Chief weapons inspector Hans Blix and Mohamed ElBaradei, director of the International Atomic Energy Agency, flew into Baghdad from Cyprus with a team of about 30, the first UN arms inspectors to visit Iraq for four years.
"Let me tell you that we have come here for one single reason and that is because the world wants to have assurances that there are no weapons of mass destruction in Iraq," Blix told reporters on arrival.
"The situation is tense at the moment, but there is a new opportunity and we are here to provide inspection which is credible ... We hope we can all take that opportunity together."
He added: "There is a new opportunity and we hope that opportunity will be well-utilized so that we can get out of sanctions. And in the long term, we will have a zone free of weapons of mass destruction in the Middle East."
UN Secretary-General Kofi Annan urged Iraq's leader to give "prompt and unfettered access" to suspect sites.
"I urge President Saddam Hussein to comply fully for the sake of his people, for the sake of the region and for the sake of the whole world," Annan told a news conference in Sarajevo.
The members of Blix's UN Monitoring Verification and Inspection Commission (UNMOVIC) arrived aboard a privately chartered C-130 aircraft carrying the UN insignia. Blix was greeted by Husam Mohammed Amin, head of the Iraqi National Monitoring Directorate, which liaises with UN arms inspectors.

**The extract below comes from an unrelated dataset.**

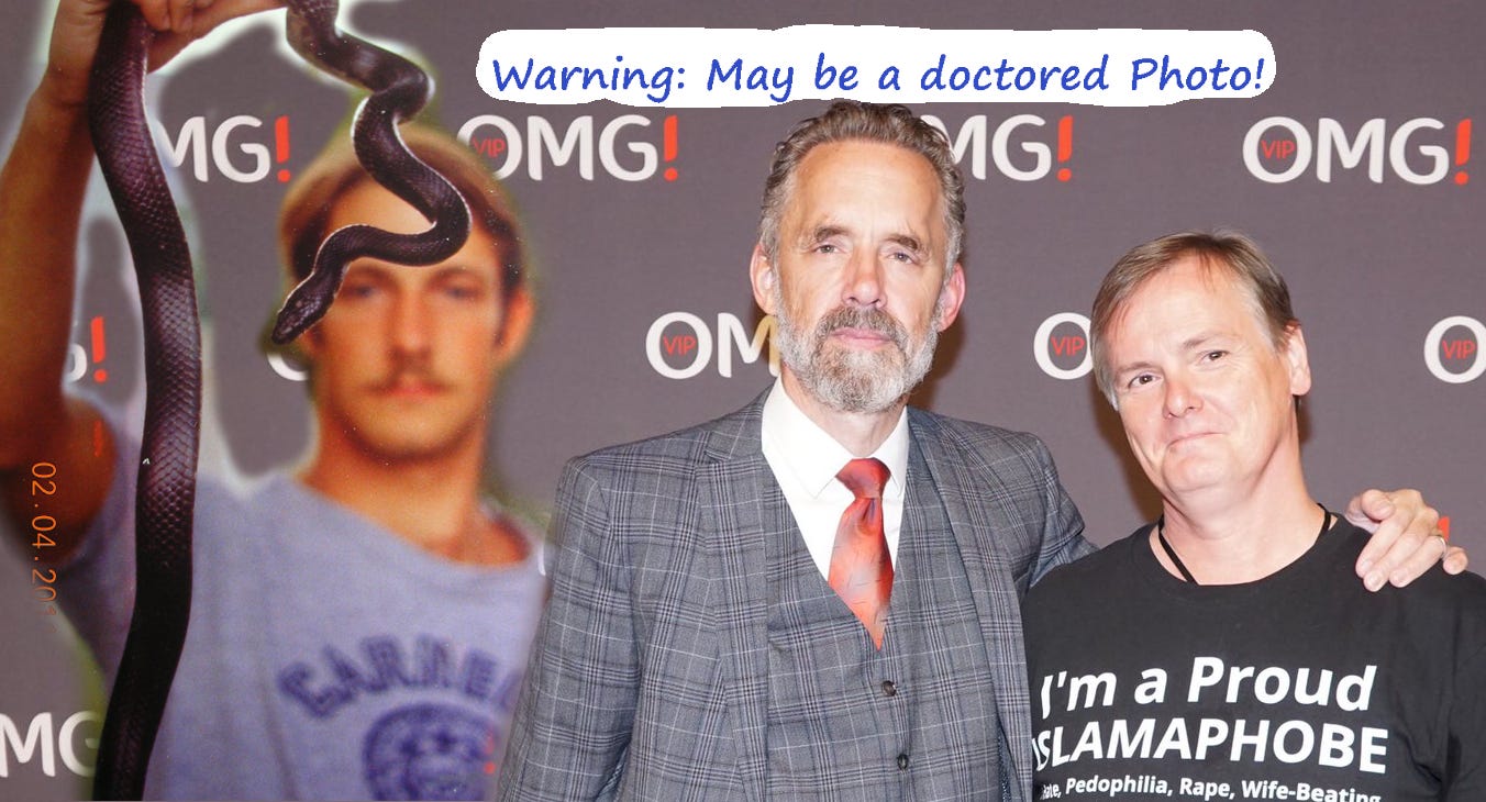 At the end of video - the wrap-up someone talks about Cambridge rejection of the previous scheduled lecture because a picture turned up of Peterson getting his picture taken beside a man that had a shirt the Witch-handlers used to upset the howling retarded cnt VagFeelie women (and the few Dog-males) up-in-arms, ..

The UN team was expected to go straight to the UN inspectors' old offices at the Canal Hotel in Baghdad before starting initial work on logistics like hiring vehicles and setting up laboratories.
Formal inspections are not due to start until next Wednesday.

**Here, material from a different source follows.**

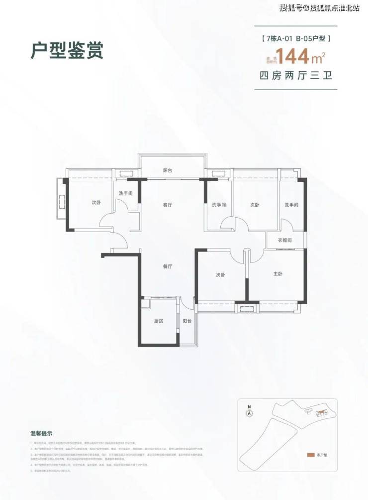 144㎡的4房2厅3卫,设计的是竖厅南北通透格局,进门入户玄关,LDKB一体化设计,双主卧套房,L型厨房还带1个生活阳台,公卫干湿分离,得房率约82%(不含赠送),阳台主朝西北向。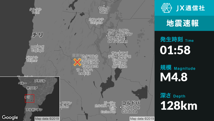 | 震源地 | アルゼンチンのTinogastaから南南東43kmの地点 |

"We should have about 80 to 100 inspectors there by Christmas. We'll gradually build it up and they'll be rotated in and out," an UNMOVIC spokesman said in Cyprus.
The US European Command said on its Web site that its planes patrolling northern Iraq yesterday "responded in self-defense to Iraqi attacks by dropping precision-guided munitions on elements of the Iraqi integrated air defense system."
Western commanders usually describe such increasingly common clashes as being provoked by Iraqi anti-aircraft units. Iraq usually describes them as attacks on civilians and reported seven civilians killed by Western planes on Friday night.
US Defense Secretary Donald Rumsfeld said on Sunday Iraqi firing at the patrolling planes was a violation of the Nov. 8 UN resolution that paved the way for the inspectors' return.
But he stopped short of suggesting the US would refer the issue immediately to the UN Security Council.